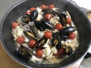 なんちゃってパエリアも、ちゃんと作って
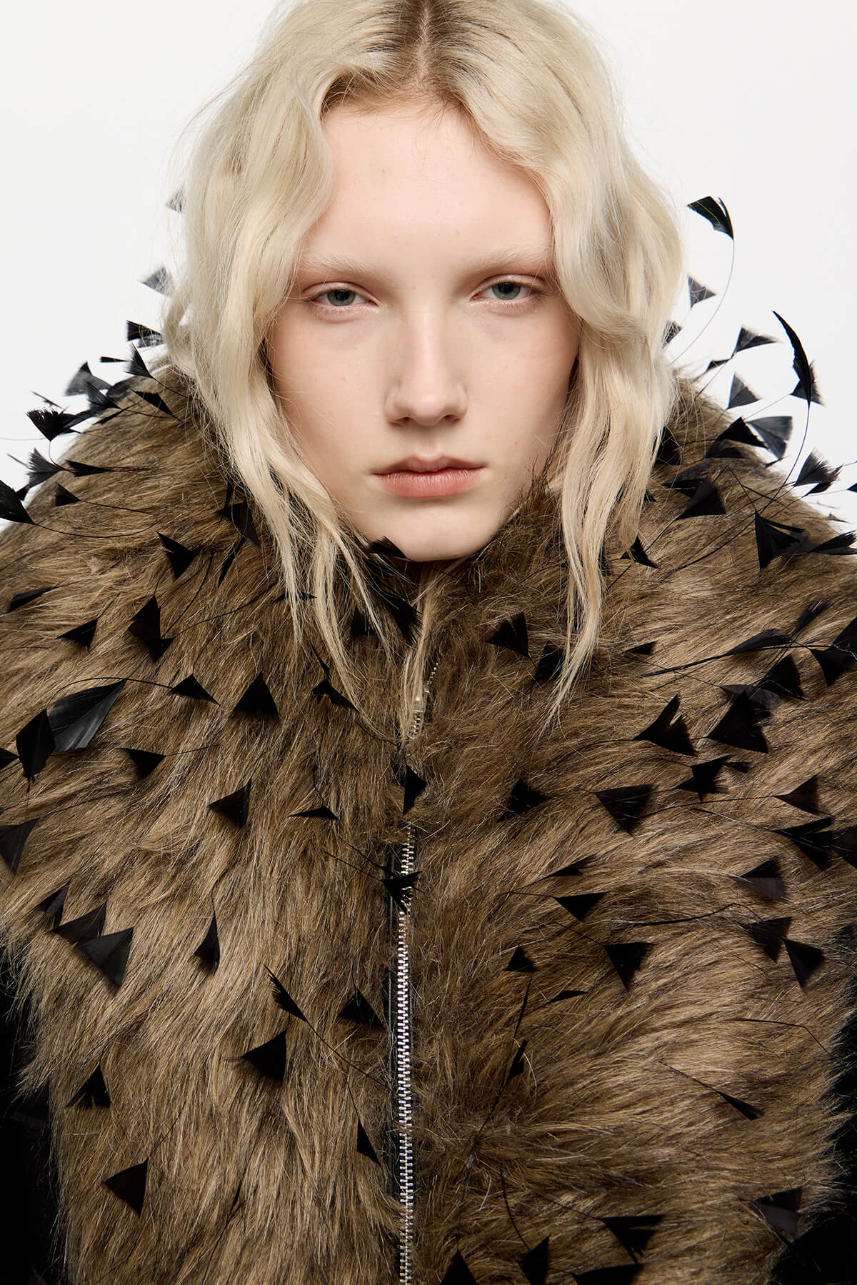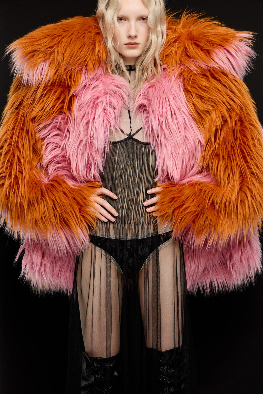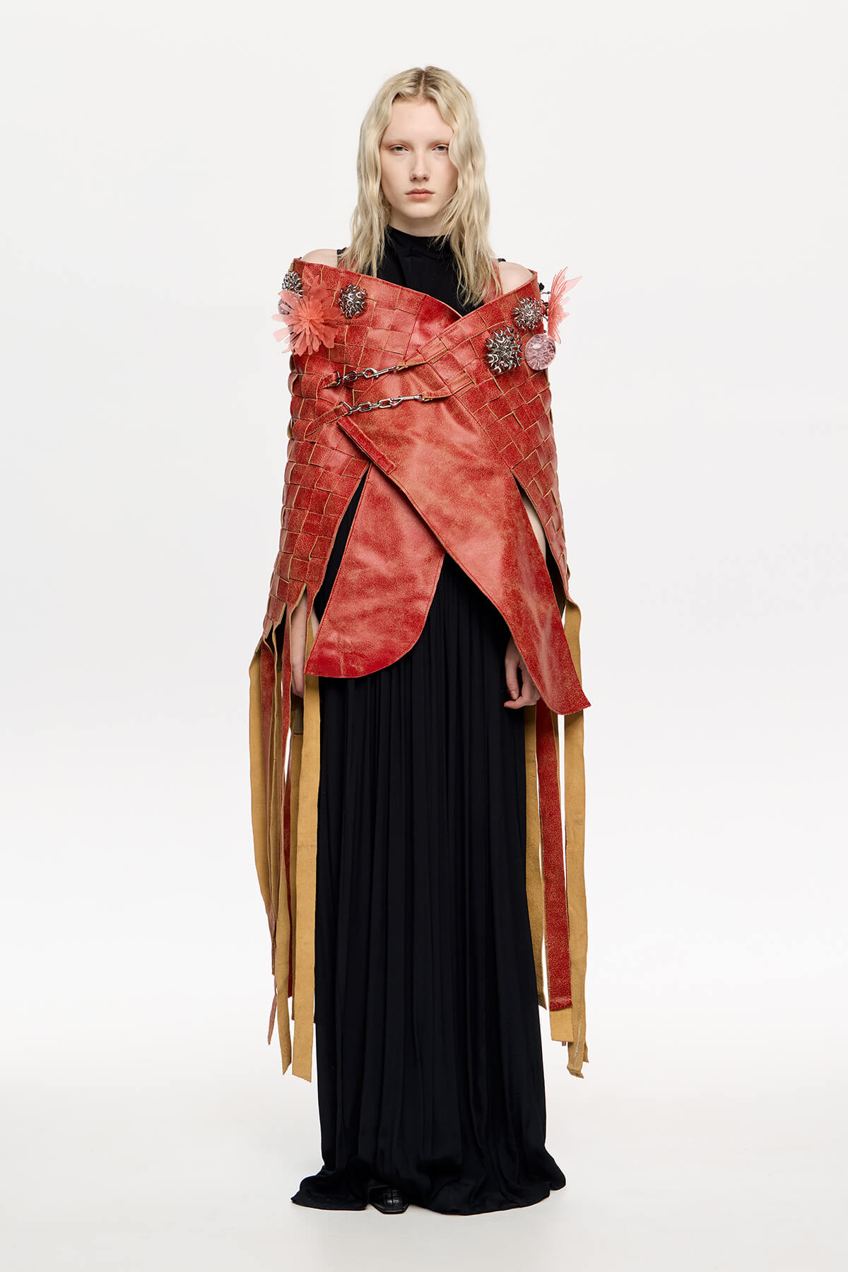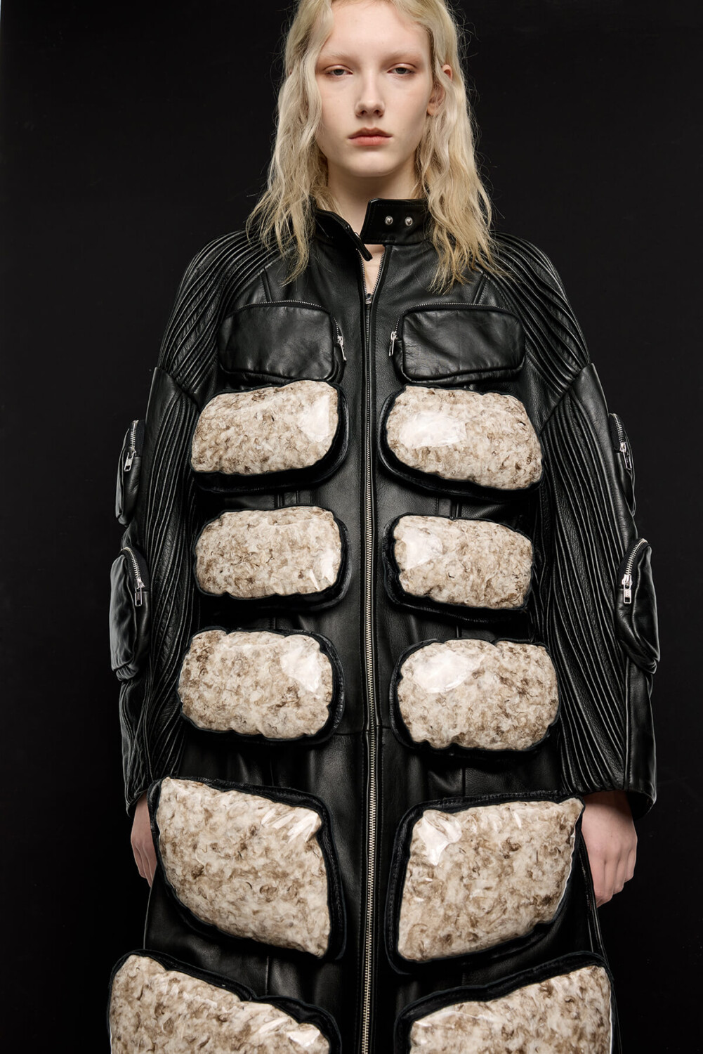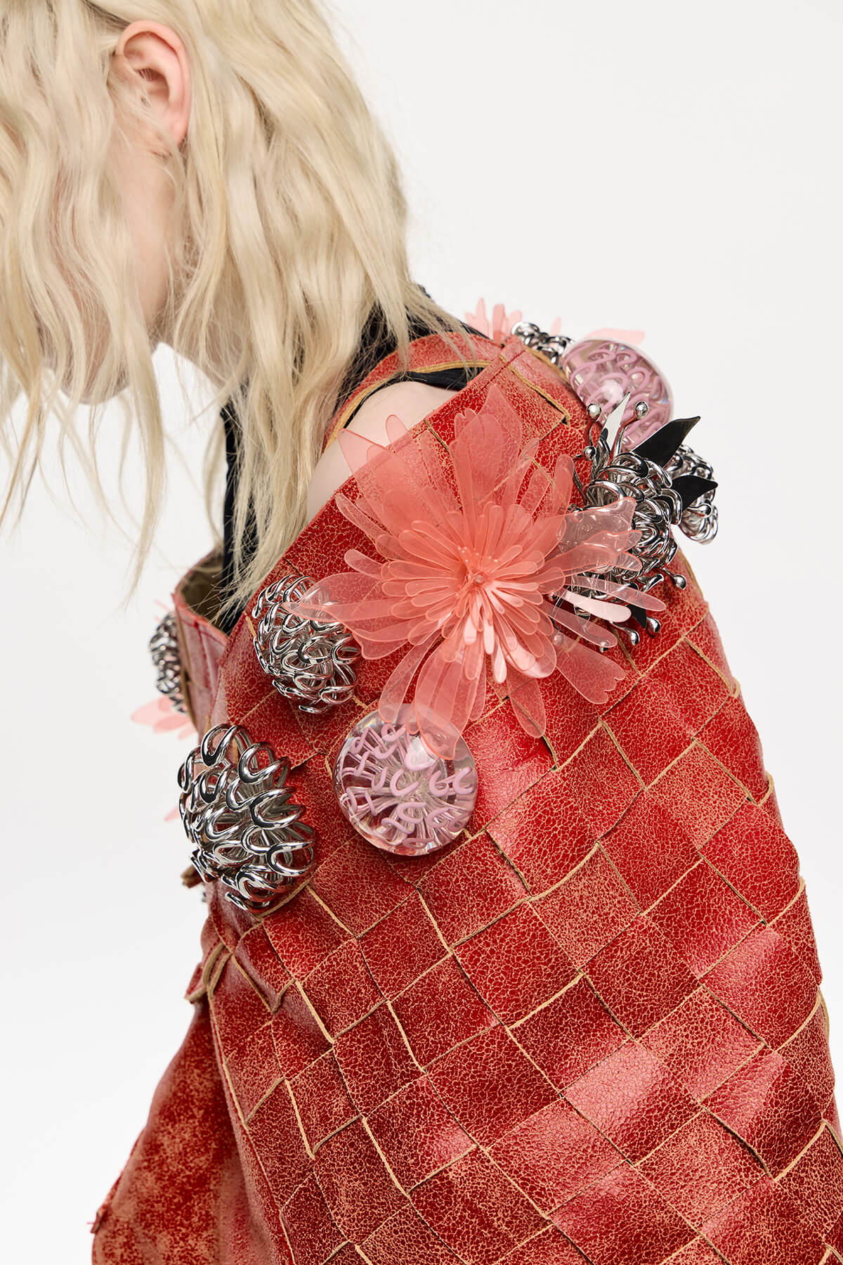 Among the most distinctive pieces is a paraffin blouse that balances opacity and lightness, seeming to hover between structure and air. A leather coat reinforced with quilted padding grows from the reconstruction of an earlier dress, showing how form can be reimagined through reuse. A tuxedo jacket is carefully taken apart to reveal linings and seams usually hidden from sight, while a bomber jacket becomes a sculptural silhouette expanded with synthetic fur and feathers. A braided leather shawl adorned with resin and metal charms echoes the familiar vocabulary of the Bimba y Lola universe, turning recognisable elements into something newly hypnotic.
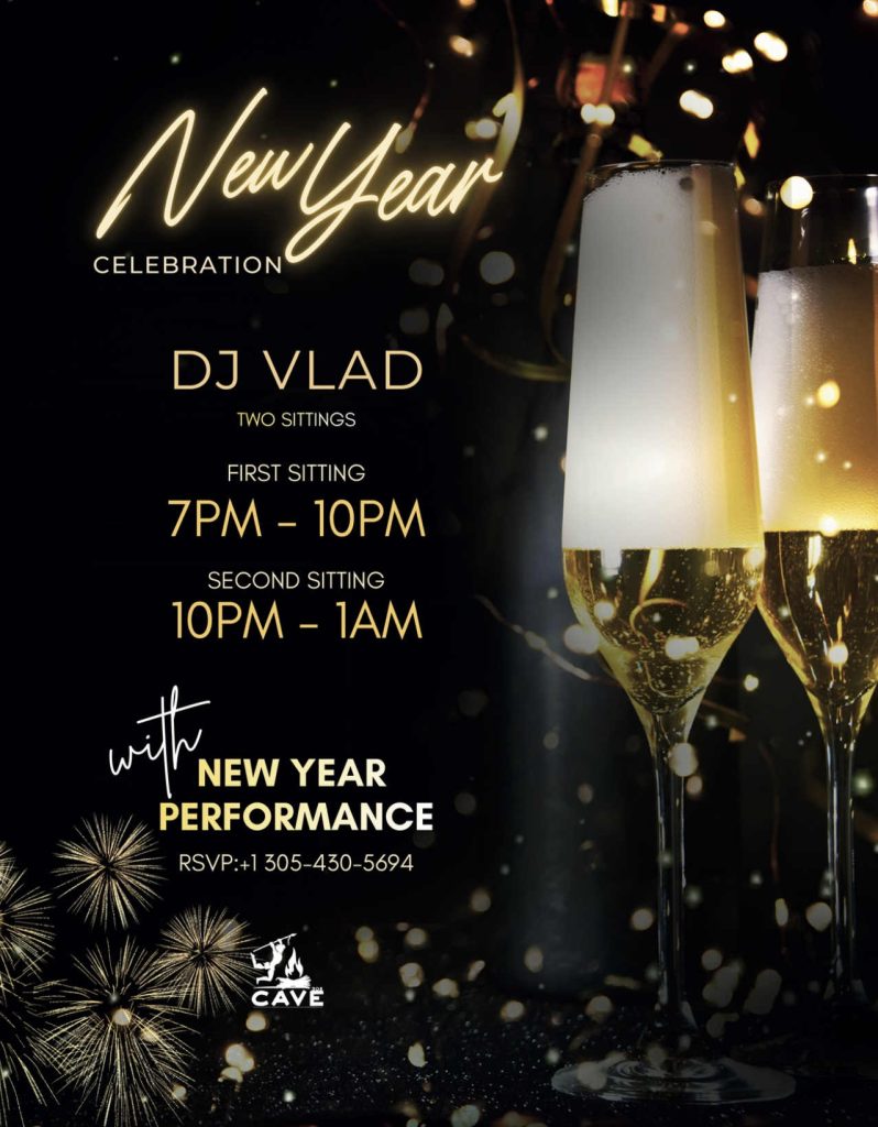 - If you stop by Cave 305, get ready for a crazy party thrown by DJ Vlad, and it’s up to you to choose whether you’ll come here for a warm-up (7-10 PM) or if you’ll ring in the New Year 2026 with them (10 PM-1 AM). Reserve your table at (305) 430 – 5694!
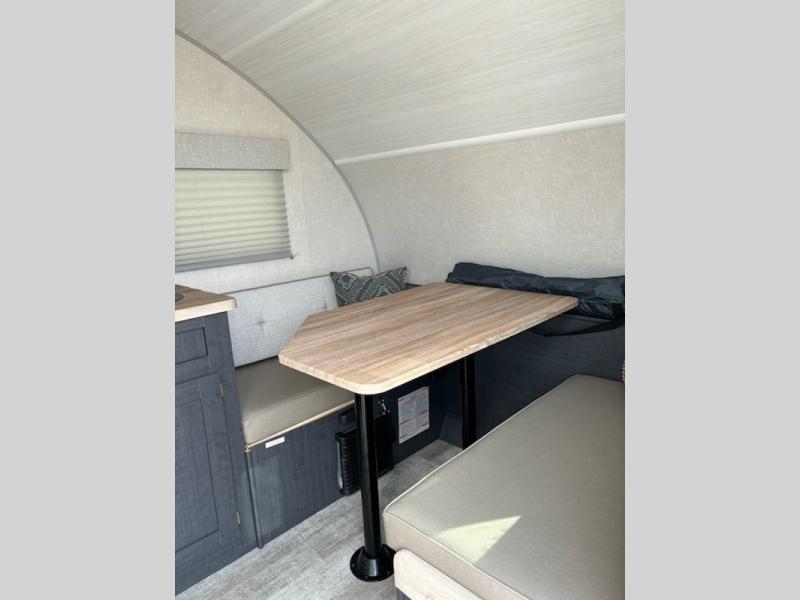 This R-Pod travel trailer by Forest River is perfect for weekend trips or month-long vacations to enjoy the great outdoors with conveniences of home. You can easily sleep three people with a rear RV queen bed and a front dinette folded down for the little ones. This unit also includes a two-burner cooktop and convection microwave to make meals inside. You will also find a convenient wet bath where you can easily get ready for bed each night.
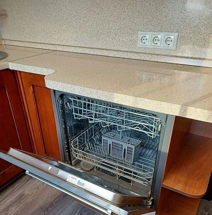 Kухня оборудована встроенной техникой, варочная панель, духовой шкаф, новая посудомоечная машина, кухонный стол/табуретки + большой холодильник в прихожей.
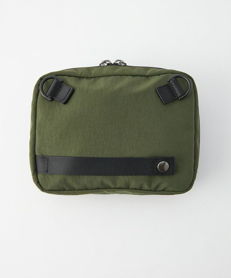 ショルダーストラップは取り外し可能で、ポーチとして2WAYで使用可能です。内側の両サイドにマチを作り、開きやすさも確保。ポケットが設置されており、小さい物を収納することができます。フロントポケットはスナップが2段階で留めることでき、背面のスナップテープで大きい鞄などに止めつけることも可能です。ナイロン生地にはアクリルをベースとしたバッグコーティング剤(広塗布用)を塗布し、優れたハリ感と撥水機能を持たせました。シーズン問わずお使いいただけるアイテムです。

------------

-- Directions --
Make an exact copy of the data, leaving its pictures out.

-- Output for this task --
 なんちゃってパエリアも、ちゃんと作って
 Among the most distinctive pieces is a paraffin blouse that balances opacity and lightness, seeming to hover between structure and air. A leather coat reinforced with quilted padding grows from the reconstruction of an earlier dress, showing how form can be reimagined through reuse. A tuxedo jacket is carefully taken apart to reveal linings and seams usually hidden from sight, while a bomber jacket becomes a sculptural silhouette expanded with synthetic fur and feathers. A braided leather shawl adorned with resin and metal charms echoes the familiar vocabulary of the Bimba y Lola universe, turning recognisable elements into something newly hypnotic.
 - If you stop by Cave 305, get ready for a crazy party thrown by DJ Vlad, and it’s up to you to choose whether you’ll come here for a warm-up (7-10 PM) or if you’ll ring in the New Year 2026 with them (10 PM-1 AM). Reserve your table at (305) 430 – 5694!
 This R-Pod travel trailer by Forest River is perfect for weekend trips or month-long vacations to enjoy the great outdoors with conveniences of home. You can easily sleep three people with a rear RV queen bed and a front dinette folded down for the little ones. This unit also includes a two-burner cooktop and convection microwave to make meals inside. You will also find a convenient wet bath where you can easily get ready for bed each night.
 Kухня оборудована встроенной техникой, варочная панель, духовой шкаф, новая посудомоечная машина, кухонный стол/табуретки + большой холодильник в прихожей.
 ショルダーストラップは取り外し可能で、ポーチとして2WAYで使用可能です。内側の両サイドにマチを作り、開きやすさも確保。ポケットが設置されており、小さい物を収納することができます。フロントポケットはスナップが2段階で留めることでき、背面のスナップテープで大きい鞄などに止めつけることも可能です。ナイロン生地にはアクリルをベースとしたバッグコーティング剤(広塗布用)を塗布し、優れたハリ感と撥水機能を持たせました。シーズン問わずお使いいただけるアイテムです。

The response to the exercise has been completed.